- China Resources Sanjiu Medical and Pharmaceutical Co., Ltd.
- Issuing Office:
- Center for Drug Evaluation and Research
| || |
Department of Health and Human Services
|Public Health Service|
Food and Drug Administration
| ||Silver Spring, MD 20993 |
RETURN RECEIPT REQUESTED
September 19, 2014
Mrs. Qiu Hui
China Resources Sanjiu (999) Medical and Pharmaceutical Co., Ltd.
No. 1 Guanqing Road
Guanlan Hi-Tech Industrial Park
Shenzhen, Guangdong Province 518110
Dear Mrs. Qiu Hui:
During our March 24, 2014 through March 28, 2014 inspection of your pharmaceutical manufacturing facility, China Resources Sanjiu (999) Medical and Pharmaceutical Co., Ltd. located at No. 1 Guanqing Road, Shenzhen, China, an investigator from the U.S. Food and Drug Administration (FDA) identified significant violations of current good manufacturing practice (CGMP) regulations for finished pharmaceuticals, Title 21, Code of Federal Regulations, Parts 210 and 211. These violations cause your drug products to be adulterated within the meaning of Section 501(a)(2)(B) of the Federal Food, Drug, and Cosmetic Act (the Act), 21 U.S.C. 351(a)(2)(B), in that the methods used in, or the facilities or controls used for, their manufacture, processing, packing, or holding do not conform to, or are not operated or administered in conformity with, CGMP.

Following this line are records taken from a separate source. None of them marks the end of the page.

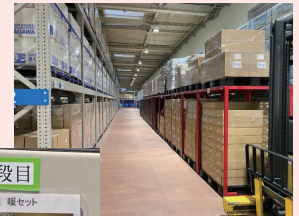
東松島市 防災備蓄基地

東松島市の防災備蓄計画では、東日本大震災の教訓で、発災から3日程度は国や県からの支援が届かなかったことから、市内で3日分は食料や飲料水などの備蓄が必要としています。防災備蓄倉庫は避難所となる小中学校などの敷地内に全体の半分、避難者が多い避難所へ物資を補充する防災備蓄基地に残り半分を備蓄しています。備蓄品の中身を棚ごとに写真で掲載していたり、津波で全身が濡れた避難者に対し、衣類を男性・女性・サイズ別に、上着・下着・ズボンなど一式まとめて保管してる様子を興味深く視察しました。
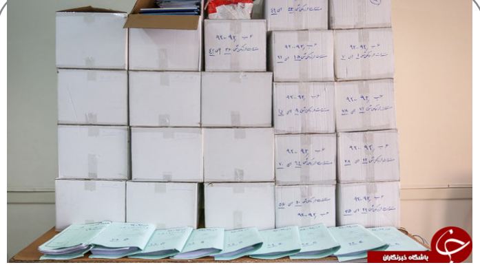
پرونده های بابک زنجانی
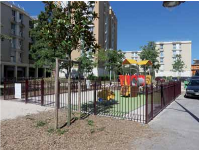
▲ Emplacement de l'ancienne école Péguy.
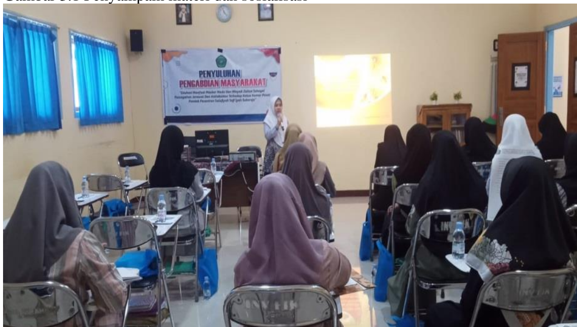
Gambar 3.1 Penyampain materi dan sosialisasi
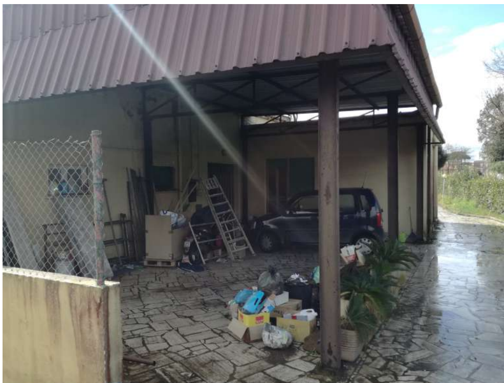
Foto11 (Tettoia da rimuovere)
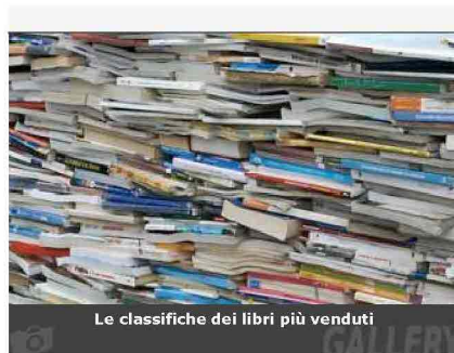
Le classifiche dei libri più venduti

Devi aver fatto log-in per inserire un commento.
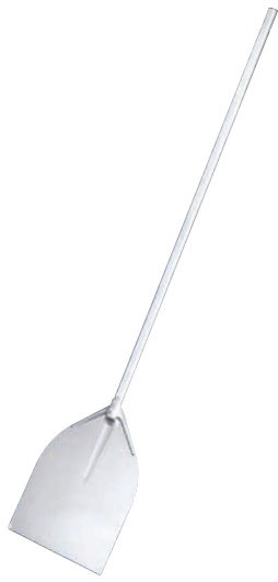
① AM アルミピザピール スモール〈GPZ-30〉

ファーストフード 関連品 テイクアウト商品 使い捨て容器 たこ焼・饅頭焼 お好み焼・鉄板焼 アウトドア用品
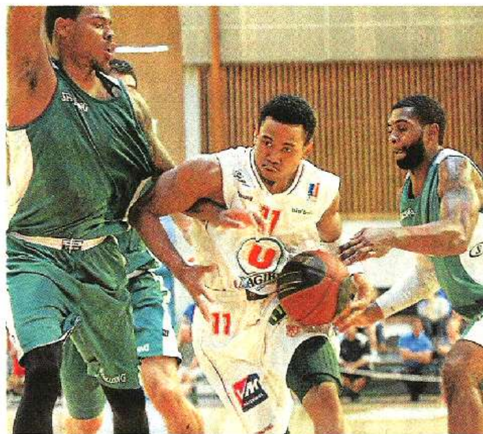
Stoglin a pris ses responsabilités au shoot, éparfois un peu trop souvent peut-être.

Aro-bouté sur une zone d'un bel hermétisme, Cholet enquinqua le champion de France avec une belle constance défensive. Et ses alternances intérieur-extérieur portèrent un temps leurs fruits à l'autre bout du parquet (15-7, 7'). L'intensité
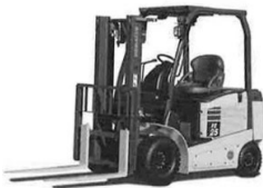
カウンターバランスフォークリフト

Our inspection also revealed that your firm failed to fulfill its registration obligations under Section 510(i)(1) of the Act and its listing obligations under Sections 510(i)(2) and 510(j), which is prohibited under Section 301(p). 21 U.S.C. 360(i)(1) and (2), 360(j), and 331(p).
We have conducted a detailed review of your firm’s response dated April 16, 2014 via an e-mail and note that it lacks sufficient corrective actions.
Our investigator observed specific violations during the inspection, including, but not limited to, the following:
1. Your firm does not have, for each batch of drug product, appropriate laboratory determination of satisfactory conformance to final specification for the drug product, including the identity and strength of each active ingredient, prior to release (21 CFR 211.165 (a)).
Specifically, your firm manufactures Ganmaoling Cold Granule and Ganmaoling Cold Capsule drug products containing three active pharmaceutical ingredients (APIs): acetaminophen, chlorpheniramine maleate, and caffeine. However, you only verify by assay one of the three APIs, acetaminophen, at the time of batch release.
In your response, you indicate that your Ganmaoling Cold Granule and Ganmaoling Cold Capsule drug products are manufactured according to the Chinese National Legal Standard, which only requires an assay test for acetaminophen. If your product is intended for the US market it is required to meet US quality standards and each active ingredient must be tested to verify its labeled strength.
2. Your firm failed to establish laboratory controls that include scientifically sound and appropriate specifications, standards, sampling plans, and test procedures designed to assure that components, drug product containers, closures, in-process materials, labeling, and drug products conform to appropriate standards of identity, strength, quality, and purity (21 CFR 211.160 (b)).
For example, your firm has not established a release specification and test procedure to determine the level of impurities in the Ganmaoling Cold Granules and Ganmaoling Cold Capsule drug products. You have not determined an impurity profile for these products.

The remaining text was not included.